DARPA was, like ARPA, a network that predated the Internet, and also worked on advancing speech recognition in its establishment of the Speech Understanding Research (SUR) program. The goal of this program was to discover a computer system that could understand speech. Lawrence Roberts, who initiated the program, developed the largest speech recognition project ever founded. SUR project groups were established at a number of locations, including MIT, CMU and SRI.

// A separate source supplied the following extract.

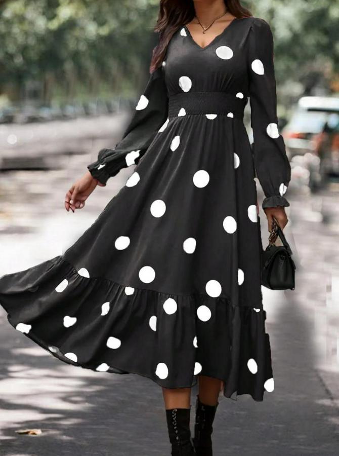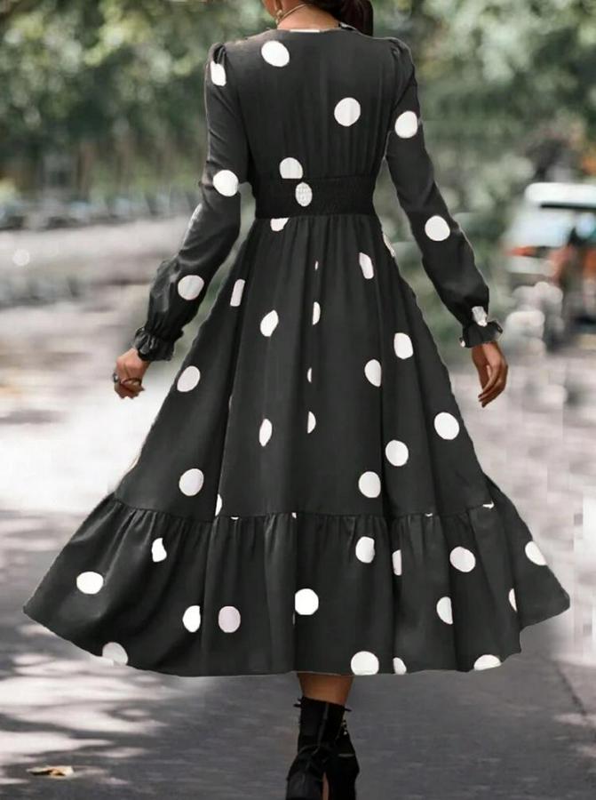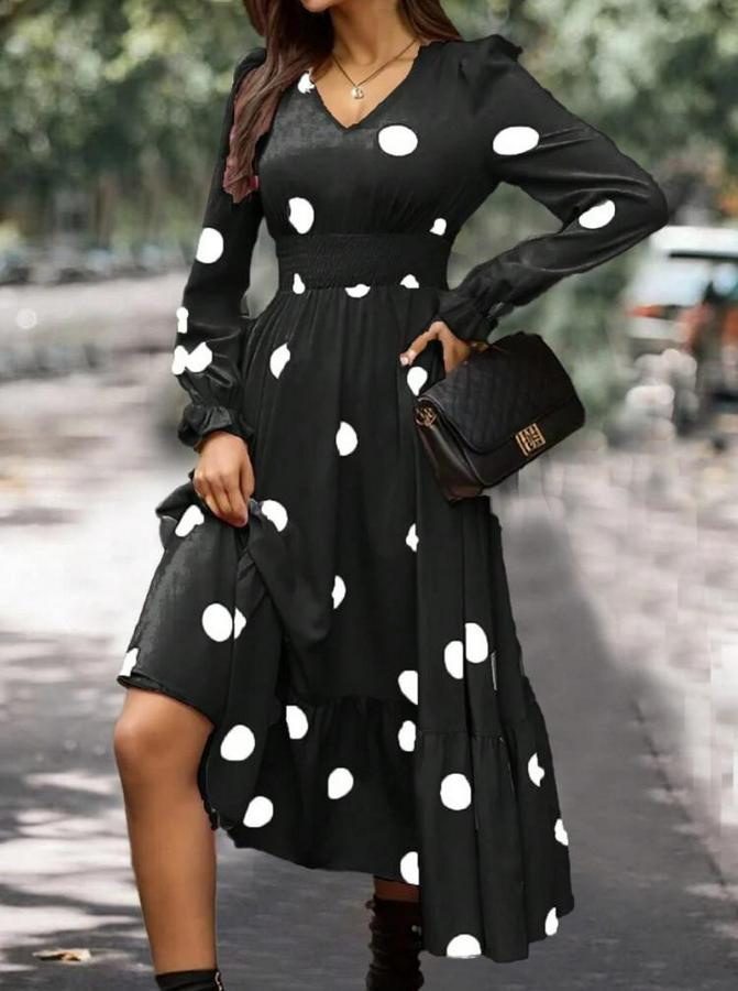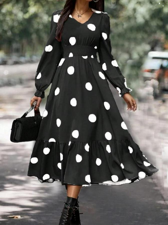 AnasayfaTüm ÜrünlerElbiseUzun Kollu V Yakalı Beli Lastikli Puantiyeli Uzun Krep Elbise

At the same time, two other initiatives were going on. IBM and AT&T Bell Laboratories were each taking their research in voice recognition in different directions. IBM’s Fred Jelinek concentrated his team’s efforts on creating a voice activated typewriter (VAT) that could translate a spoken sentence into typing on paper. This system was called Tangora, and the typewriter had to be trained for an individual person’s voice. Each speaker had to individually train the typewriter to recognize his or her voice. This kind of speech recognition was called transcription.

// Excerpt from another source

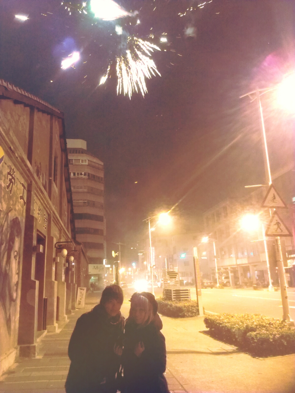 很幸運駁二有一群年輕人在放煙火,於就是偷偷摸摸跟他們一起享受煙火。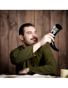 With a total capacity of approximately 400-500 ml, this bovine horn is ideal for enjoying your favorite drinks in style. Its hand-engraved design with the symbol of the rampant lion gives it a unique and striking medieval touch.

The early systems used the theory of acoustic-phonetics. This theory describes basic sounds of the language or phonetic elements and attempts to explain how they are formed acoustically in speech. Early speech recognition systems, such as one from RCA Laboratories, could recognize 10 syllables spoken by a single person. A number of laboratories in Japan built hardware that could recognize speech, including one system, developed in the sixties, that recognized vowels. At this time, these systems could recognize small vocabularies of isolated words (10-100 words). AT&T Bell Laboratories concentrated on research to provide automated telecommunication services, such as voice dialing of phones, to the public. Their challenge was to make these systems useful without the need for training each machine with an individual’s voice.

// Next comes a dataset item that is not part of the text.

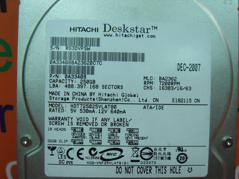 HITACHI HDT725025VLAT80 PN:0A33408 250GB IDE

In the 1970s, the systems recognized larger vocabularies of about 100-1000 words. In 1978, Texas Instruments used a speech chip in a popular toy called the Speak and Spell. This was a big step in the development of sound. Shortly after this, Covox Co. introduced digital sound to the Commodore 64 and Atari 400/800 and by the mid-eighties to the IBM PC.
Throughout the following decades, various technologies emerged that moved speech recognition along. In the 1990s the Hidden Markov Model Tool Kit (HTK) from Cambridge University became the most widely used software for automatic speech recognition research. While speech recognition technology is currently widely used in all sectors, there is still vast research and development to be done in this field. The ultimate goal of many researchers is to develop a machine that performs and responds like a human being. For now, the technology is used in providing telephone support, writing medical reports, answering financial questions and in a variety of tasks requiring a human to machine interface, such as providing updated travel information, stock quotes and weather reports. The advances from the initial systems have been phenomenal; researchers say that most speech recognition software can perform with 90 to 95 percent accuracy.